:: Raw data ::

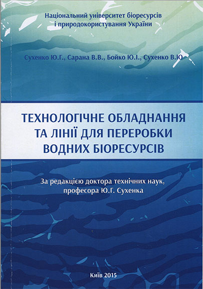 - Технологічне обладнання та лінії для переробки водних біоресурсів / Ю.Г. Сухенко, В.В. Сарана, Ю.І. Бойко, В.Ю. Сухенко, навч. посіб. / За ред.. проф. Ю.Г. Сухенка. – К.: ЦП «Компринт», 2015. – 253.
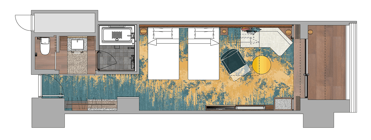 12階および13階、北側に位置する客室は、3名様までご利用いただける上質な空間です。高層階ならではの開放感あふれる眺望と、心地よく吹き抜ける爽やかな風を存分にご堪能ください。
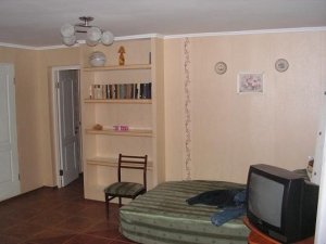 В одной комнате стоит двухспальная кровать,телевизор, шкаф, тумба. Другая сделана в виде гостиной, в комнате диван раскладной, телевизор, обеденный столик.
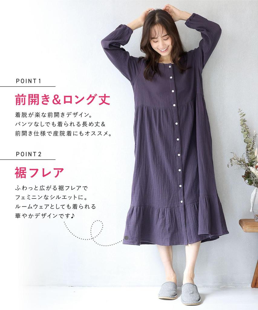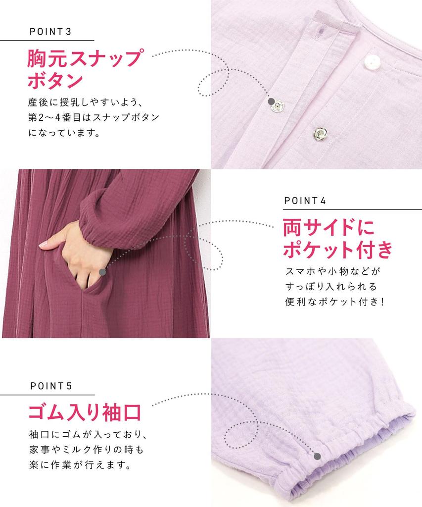 [Застежка спереди и удлиненная длина] Конструкция с застежкой спереди облегчает надевание и снятие. Удлиненная длина и застежка спереди делают его удобным для ношения даже без брюк, что делает его рекомендованным для одежды для беременных.. [Расклешенный подол] Мягко расклешенный подол создает женственный силуэт. Великолепный дизайн делает его подходящим для ношения в качестве домашней одежды♪ [Кнопки-защелки на груди] Вторая-четвертая пуговицы - это кнопки-защелки, чтобы облегчить кормление грудью после родов. [Карманы с обеих сторон] Поставляется с удобными карманами для хранения вашего смартфона или других мелких предметов! [Эластичные манжеты] Манжеты эластичные, что облегчает выполнение работы по дому или приготовление молока. [Двусторонний: перед и спина] Двусторонний дизайн позволяет носить его, просто застегнув пуговицы сзади.
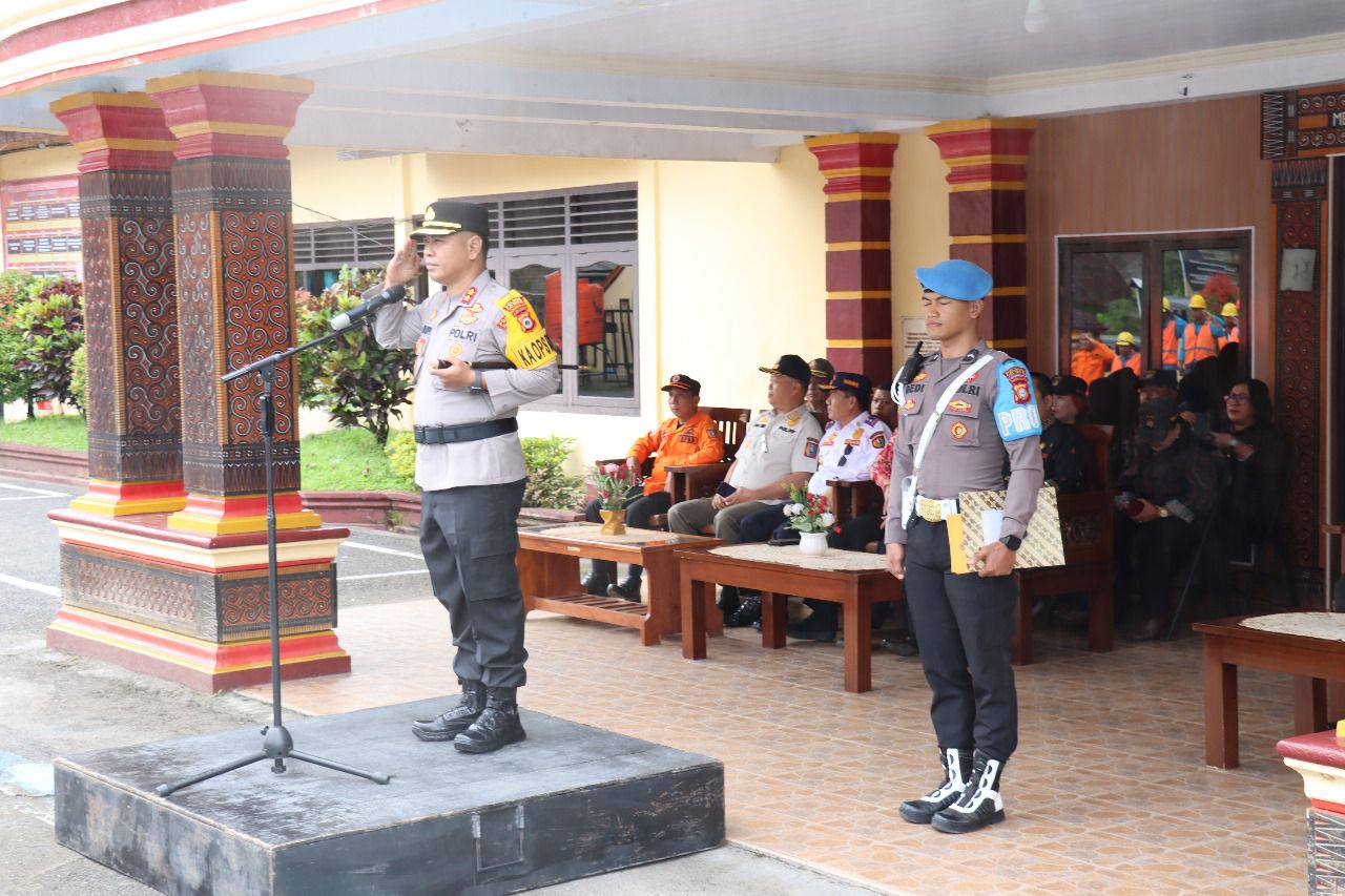Kapolres Tana Toraja AKBP Malpa Malacoppo, membacakan amanat Kapolri Jenderal Polisi Drs. Listyo Sigit Prabowo, M.Si, menyatakan bentuk komitmen untuk memastikan kesiapan personil dan sarpras, serta memperkuat sinergitas dengan stakeholder terkait sehingga operasi Ketupat 2025 dalam rangka pengamanan mudik serta perayaan hari raya Idul Fitri 1446 H dapat berjalan aman, tertib dan lancar.

:::

■ Work instructions: Give the lines again word for word, from the start of the records to the line holding "В одной комнате", both included, and leave out any picture.

■ Response box:
 - Технологічне обладнання та лінії для переробки водних біоресурсів / Ю.Г. Сухенко, В.В. Сарана, Ю.І. Бойко, В.Ю. Сухенко, навч. посіб. / За ред.. проф. Ю.Г. Сухенка. – К.: ЦП «Компринт», 2015. – 253.
 12階および13階、北側に位置する客室は、3名様までご利用いただける上質な空間です。高層階ならではの開放感あふれる眺望と、心地よく吹き抜ける爽やかな風を存分にご堪能ください。
 В одной комнате стоит двухспальная кровать,телевизор, шкаф, тумба. Другая сделана в виде гостиной, в комнате диван раскладной, телевизор, обеденный столик.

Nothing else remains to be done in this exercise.